A Female Physician and A Calling

October 27, 2017

A Female Physician and A Calling | Zazzy Bandz

My fourth story is about a young physician.  Below are her words, used with permission, when applying to our Internal Medicine Residency.  For any physician reading this, if you would like your story shared (known or anonymously) please message me.  I have stories of physicians when they were applying to medical school and to IM residency.  I will gladly share stories from any field of medicine/surgery!  I feel very strongly that medicine is taking a beating from a PR standpoint and yet the physicians I know and train continue to eptiomize the #heartofaphysician.
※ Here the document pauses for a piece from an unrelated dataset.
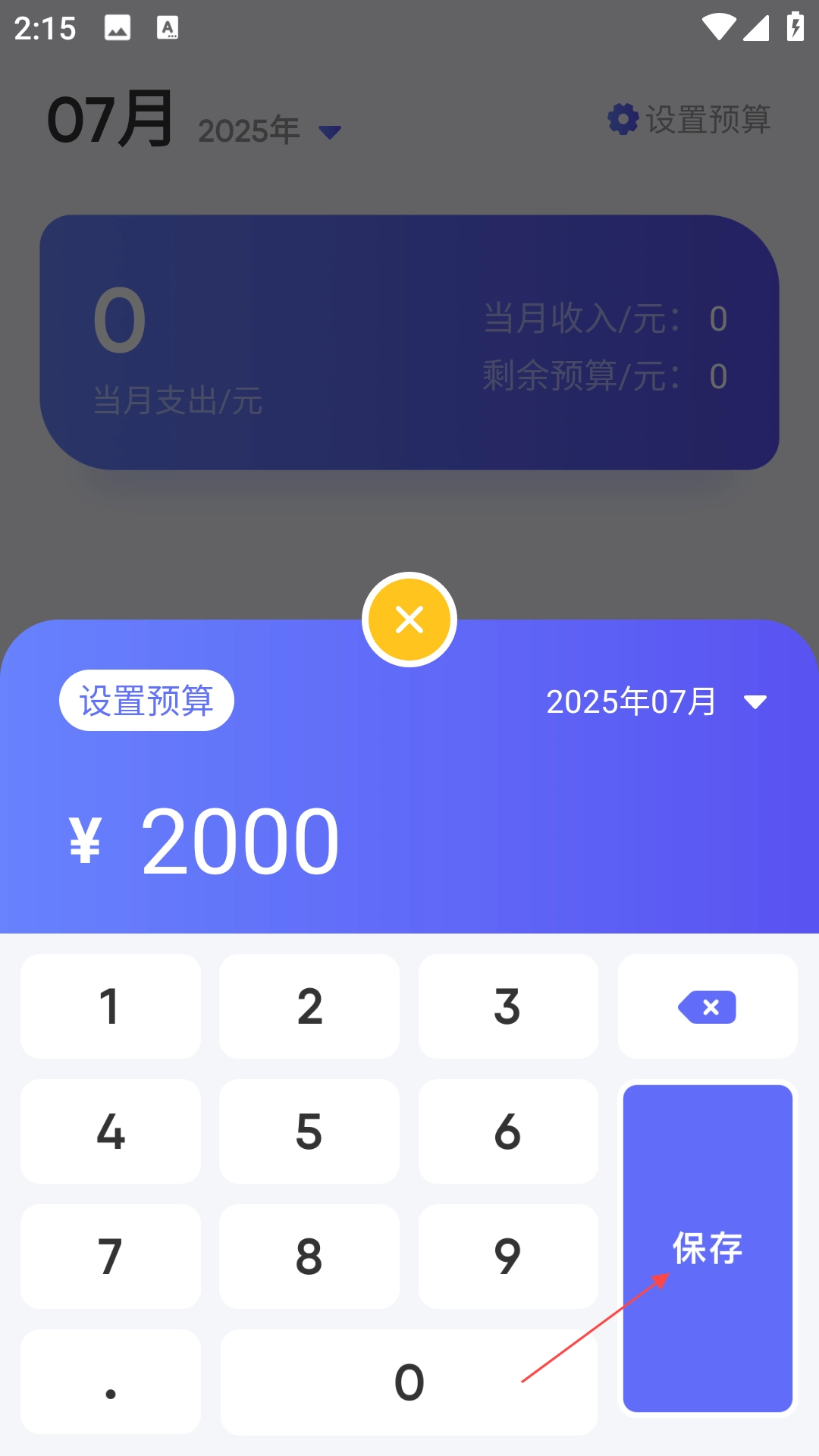 2、点击右上角【设置预算】图标,选择月份,输入金额,保存即可。

Young people are giving up their 20's to study 50-70 additional hours a week  to consume, digest and understand the scope of information presented to them during their classes.   They continue long hours of training by working alongside physicians who encourage, critique, and set high expectations of learning and performance.   They leave the office/hospital to go home and read about the things they saw that day.  I work with some of the most motivated people in the world!  They have a heart to serve others, they care about people, they envision excelling in their field.  4 years of college, 4 years of med school, 3-7 years of residency training--  #trainingofaphysician  just to be ready to take care of us.

I hope you enjoy reading this physician's personal statement when applying for residency. 

"In April in the early 2000’s, one month before my medical school graduation and two weeks before my 27th birthday, my life changed forever.  It was early one rainy weekend morning, driving home from overnight call when I lost control of my car.  Strapped inside, my car spun around countless times then hydroplaned into a canal along the Florida Turnpike.  Suddenly, murky cold water rapidly started filling up the car.  For a few seconds I was in shock, but fortunately I did not lose consciousness.  I noticed my driver’s side window had dropped into the door panel during impact, so I was able to get out once I released my seat-belt.  I doggy-paddled across the alligator infested canal water and pulled myself up onto the bank.  As I turned around, I saw my car become completely submerged under water.   Those few minutes at that mile marker will stay with me the rest of my life.  Since then, I am asked by everyone, “How did (I) get out of the car?”  The question I find more intriguing is WHY was I able to get out of the car?  My answer is simple.  I was not meant to die that day.  I believe I survived that day because I have a greater purpose to fulfill.  What greater purpose is there than helping my fellow man through the practice of medicine?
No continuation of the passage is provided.